• [WHAT THE TASK ASKS]
Word for word, return the lines below from the first through the line that has "出席启动仪式的有广州市白云工", dropping the pictures.

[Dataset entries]
╔══

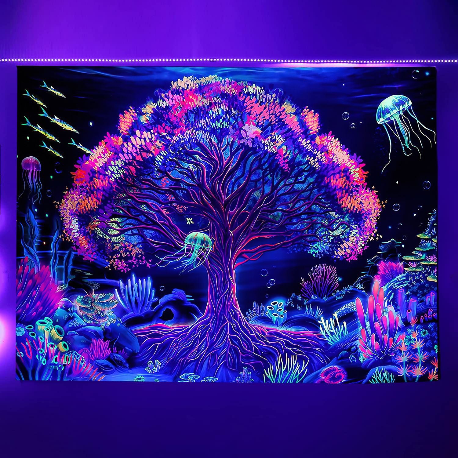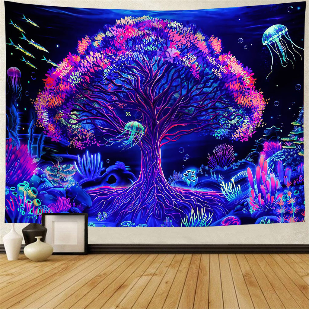 Underwater Fantasy Tree BlackLight UV Reactive Tapestry
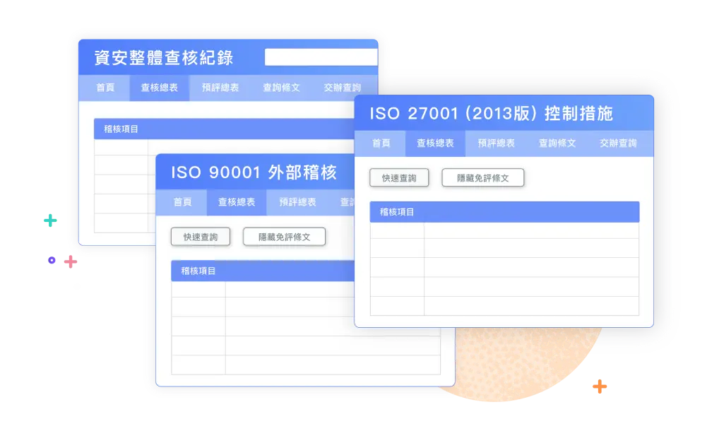 - 因應稽核需求,規劃條文群組與查證路徑,事先準備與查核備查驗證成果的完備性
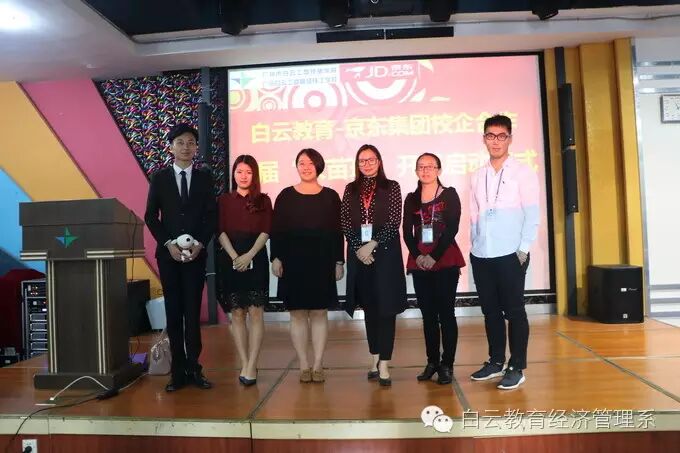 出席启动仪式的有广州市白云工商技师学院教务处处长、校企合作办周强主任、就业中心陈心为主任、经济管理系陈立稳主任、黄乐光副主任等学校相关领导,以及京东大学华南分院副书记崔健、京东大学华南分院办公室主任曾思敏、京东华南区域分公司校园机构负责人牟善龙。
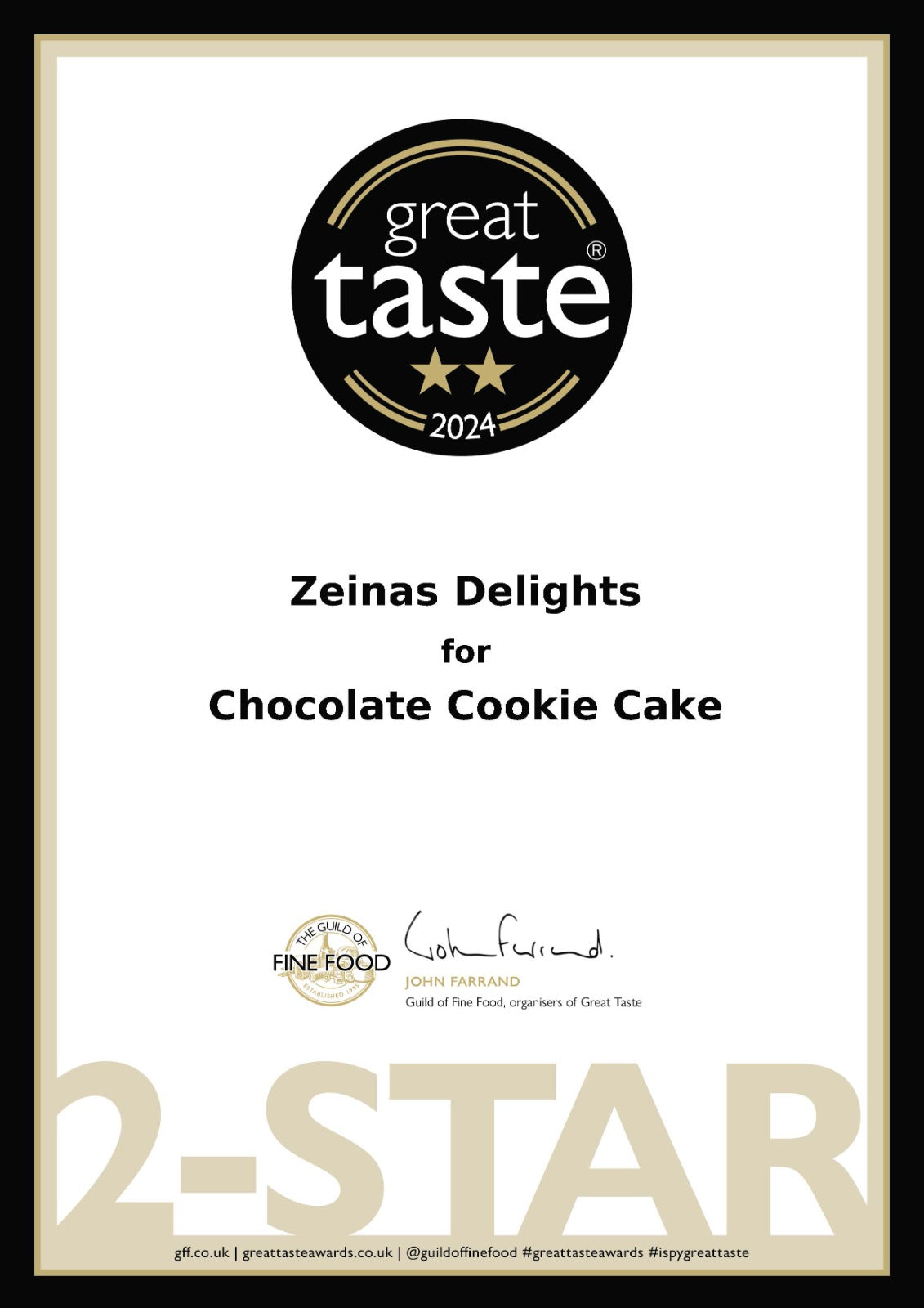 Award-winning chocolate cake (Great Taste 2024) composed of moist and rich chocolate cake, filled and coated with our signature cream cheese chocolate frosting and crunchy triple chocolate chip cookies.
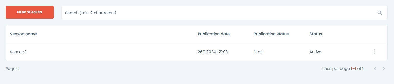 „Season Management Dashboard” zostanie otwarty.

╚══

• [REPLY]
 Underwater Fantasy Tree BlackLight UV Reactive Tapestry
 - 因應稽核需求,規劃條文群組與查證路徑,事先準備與查核備查驗證成果的完備性
 出席启动仪式的有广州市白云工商技师学院教务处处长、校企合作办周强主任、就业中心陈心为主任、经济管理系陈立稳主任、黄乐光副主任等学校相关领导,以及京东大学华南分院副书记崔健、京东大学华南分院办公室主任曾思敏、京东华南区域分公司校园机构负责人牟善龙。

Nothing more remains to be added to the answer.